= Assignment =
Given the entries below, would you transcribe exactly the lines starting at the one with "Vetrina con marmo" and ending at the one with "生猛!蔡恩突破单臂隔扣波斯特,鹈鹕开局14-8打停勇士", both kept, pictures omitted, nothing extra?

= Extracted entries =
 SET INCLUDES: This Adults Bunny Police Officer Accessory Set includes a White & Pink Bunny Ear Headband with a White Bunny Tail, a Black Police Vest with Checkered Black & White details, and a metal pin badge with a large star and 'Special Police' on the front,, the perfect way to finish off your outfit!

==

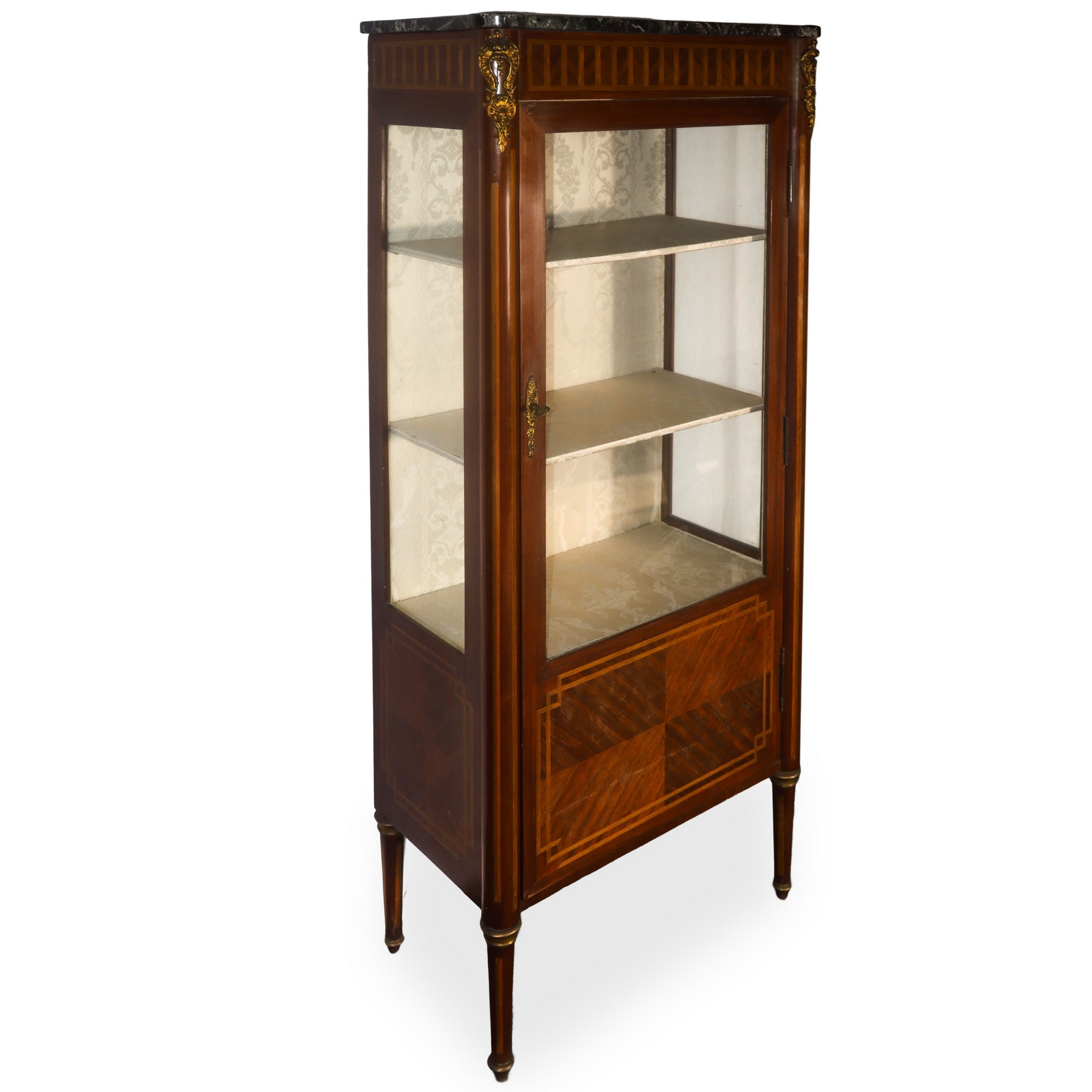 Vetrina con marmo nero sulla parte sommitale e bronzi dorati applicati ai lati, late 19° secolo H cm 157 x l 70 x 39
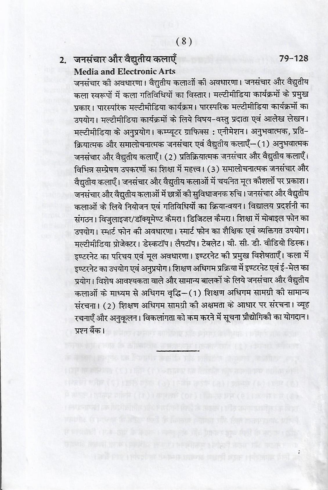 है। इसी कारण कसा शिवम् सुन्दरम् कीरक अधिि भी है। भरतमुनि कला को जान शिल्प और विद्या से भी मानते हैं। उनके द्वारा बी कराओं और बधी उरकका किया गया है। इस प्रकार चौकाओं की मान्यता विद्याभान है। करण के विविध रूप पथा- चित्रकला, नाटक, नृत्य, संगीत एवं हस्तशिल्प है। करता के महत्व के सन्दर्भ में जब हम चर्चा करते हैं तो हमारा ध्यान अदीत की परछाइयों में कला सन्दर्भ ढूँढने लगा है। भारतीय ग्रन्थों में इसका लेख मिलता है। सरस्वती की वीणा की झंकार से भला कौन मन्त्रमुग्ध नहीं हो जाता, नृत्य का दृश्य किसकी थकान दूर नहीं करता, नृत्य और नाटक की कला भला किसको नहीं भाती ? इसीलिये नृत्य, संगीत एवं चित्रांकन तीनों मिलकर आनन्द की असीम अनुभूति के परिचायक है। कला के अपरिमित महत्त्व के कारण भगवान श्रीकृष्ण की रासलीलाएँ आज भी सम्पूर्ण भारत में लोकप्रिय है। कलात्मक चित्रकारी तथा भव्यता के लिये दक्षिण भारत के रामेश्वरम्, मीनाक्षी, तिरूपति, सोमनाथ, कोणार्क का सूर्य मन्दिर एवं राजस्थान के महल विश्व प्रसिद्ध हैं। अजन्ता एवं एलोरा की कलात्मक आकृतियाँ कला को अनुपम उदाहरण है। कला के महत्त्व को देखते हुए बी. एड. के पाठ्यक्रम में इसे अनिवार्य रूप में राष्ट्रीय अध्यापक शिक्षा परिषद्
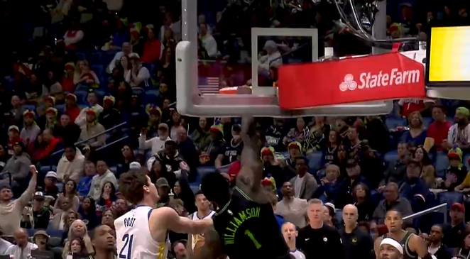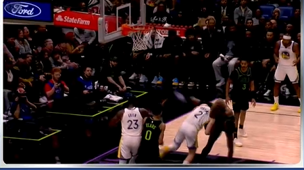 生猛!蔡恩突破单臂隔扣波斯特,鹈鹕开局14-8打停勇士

= Solution for this exercise =
 Vetrina con marmo nero sulla parte sommitale e bronzi dorati applicati ai lati, late 19° secolo H cm 157 x l 70 x 39
 है। इसी कारण कसा शिवम् सुन्दरम् कीरक अधिि भी है। भरतमुनि कला को जान शिल्प और विद्या से भी मानते हैं। उनके द्वारा बी कराओं और बधी उरकका किया गया है। इस प्रकार चौकाओं की मान्यता विद्याभान है। करण के विविध रूप पथा- चित्रकला, नाटक, नृत्य, संगीत एवं हस्तशिल्प है। करता के महत्व के सन्दर्भ में जब हम चर्चा करते हैं तो हमारा ध्यान अदीत की परछाइयों में कला सन्दर्भ ढूँढने लगा है। भारतीय ग्रन्थों में इसका लेख मिलता है। सरस्वती की वीणा की झंकार से भला कौन मन्त्रमुग्ध नहीं हो जाता, नृत्य का दृश्य किसकी थकान दूर नहीं करता, नृत्य और नाटक की कला भला किसको नहीं भाती ? इसीलिये नृत्य, संगीत एवं चित्रांकन तीनों मिलकर आनन्द की असीम अनुभूति के परिचायक है। कला के अपरिमित महत्त्व के कारण भगवान श्रीकृष्ण की रासलीलाएँ आज भी सम्पूर्ण भारत में लोकप्रिय है। कलात्मक चित्रकारी तथा भव्यता के लिये दक्षिण भारत के रामेश्वरम्, मीनाक्षी, तिरूपति, सोमनाथ, कोणार्क का सूर्य मन्दिर एवं राजस्थान के महल विश्व प्रसिद्ध हैं। अजन्ता एवं एलोरा की कलात्मक आकृतियाँ कला को अनुपम उदाहरण है। कला के महत्त्व को देखते हुए बी. एड. के पाठ्यक्रम में इसे अनिवार्य रूप में राष्ट्रीय अध्यापक शिक्षा परिषद्
 生猛!蔡恩突破单臂隔扣波斯特,鹈鹕开局14-8打停勇士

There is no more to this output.